:: What this task involves ::
Could you write out, exactly as they stand, only the lines in the listing below from the line with "After five years" to the line with "В этот раз представляю", both ends included, without the pictures?

:: Data ::
***

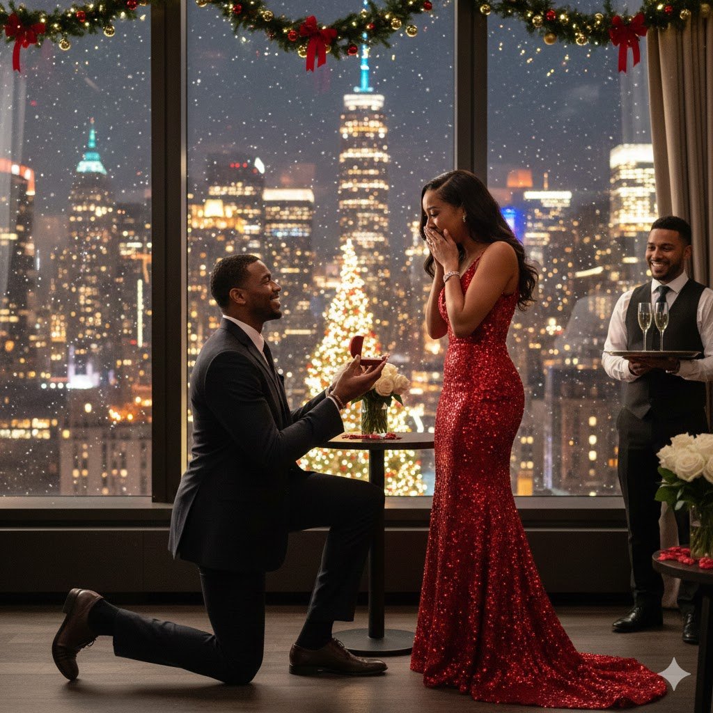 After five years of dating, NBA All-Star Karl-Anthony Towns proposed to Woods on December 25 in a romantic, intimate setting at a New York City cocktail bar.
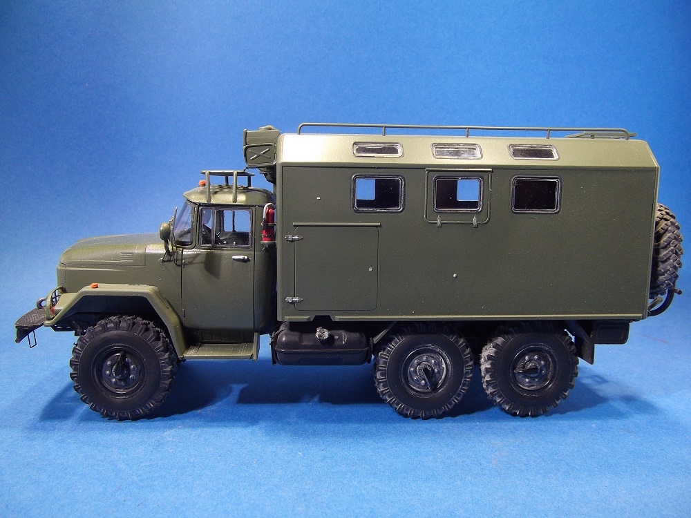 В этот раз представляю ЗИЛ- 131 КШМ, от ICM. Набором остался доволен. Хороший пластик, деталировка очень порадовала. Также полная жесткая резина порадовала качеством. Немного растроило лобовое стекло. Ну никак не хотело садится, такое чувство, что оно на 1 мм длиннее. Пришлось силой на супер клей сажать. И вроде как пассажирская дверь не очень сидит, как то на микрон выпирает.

***

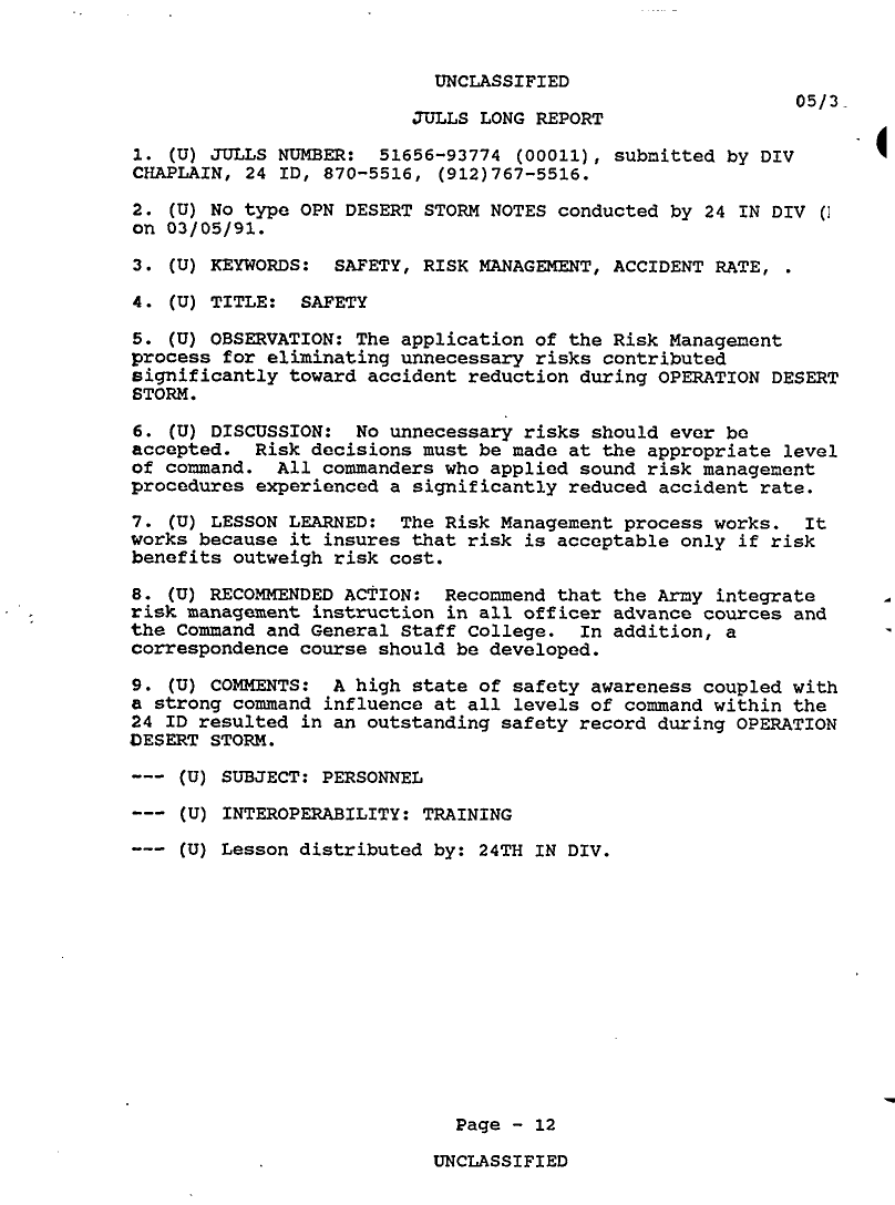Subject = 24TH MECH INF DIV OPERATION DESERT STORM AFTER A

***

:: Response area ::
 After five years of dating, NBA All-Star Karl-Anthony Towns proposed to Woods on December 25 in a romantic, intimate setting at a New York City cocktail bar.
 В этот раз представляю ЗИЛ- 131 КШМ, от ICM. Набором остался доволен. Хороший пластик, деталировка очень порадовала. Также полная жесткая резина порадовала качеством. Немного растроило лобовое стекло. Ну никак не хотело садится, такое чувство, что оно на 1 мм длиннее. Пришлось силой на супер клей сажать. И вроде как пассажирская дверь не очень сидит, как то на микрон выпирает.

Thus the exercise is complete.